Gpt-4-turbo-2024-04-09 does not anchor to most current cutoff date by default

The new gpt-4-turbo-2024-04-09 seems to be misaligned as to its cutoff date (and related data) by default – the model variant will hallucinate its cutoff date being (at worst) in September 2021 or April 2023 at best, when it should be in December 2023.

As of now, unless you specifically state in the API system instructions i.e. “You are based on the gpt-4-turbo-2024-04-09 model, and your cutoff date is is in December 2023.”, or are otherwise pointing directly at gpt-4-turbo-2024-04-09 in the system message, the cutoff date for the model’s data will simply will not match what’s expected from this latest iteration which is supposed to be in December 2023.

In other words, pointing out to gpt-4-turbo-2024-04-09 in the API function call and explaining the model’s role as GPT-4, AI assistant (or any variant alike) is not enough to anchor the gpt-4-turbo-2024-04-09 model to the December 2023 cutoff date.

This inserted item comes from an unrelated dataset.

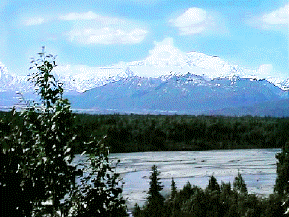 The Parks Highway parallels the path of the Nenana River which provides many beautiful vistas of its deep and winding valleys. |
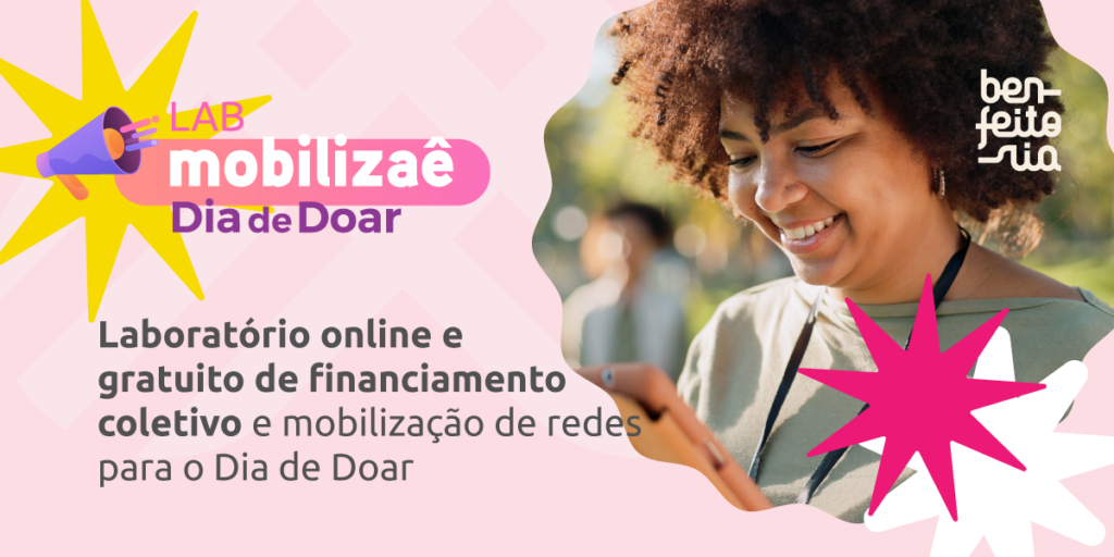 Em uma ação especial para o Dia de Doar, a plataforma Benfeitoria oferece capacitação online e gratuita em financiamento coletivo e mobilização de redes. Intitulado “Lab Mobilizaê – Dia de Doar”e realizado entre os dias 4 e 7 de novembro, 19h30 às 21h, pela plataforma Zoom, o programa beneficia iniciativas nas áreas de cultura, educação, sustentabilidade e direitos humanos, entre outras. As inscrições ficam abertas neste link até amanhã, 31 de outubro.

Without explicit mention to gpt-4-turbo-2024-04-09 in the system message, the model variant will more than likely either hallucinate a checkpoint between 2021 and April 2023, and will i.e. answer to any factual questions accordingly. This is at least happening on the web API Playground in both the regular chat mode as well as with the API Assistants, as well as when accessing the API over the openai Python package.

Note that the new gpt-4-turbo-2024-04-09 is supposed to have knowledge up to December 2023 (see https://platform.openai.com/docs/models/gpt-4-turbo-and-gpt-4), which it is unable to access without the model variant-specific steering in the system instructions.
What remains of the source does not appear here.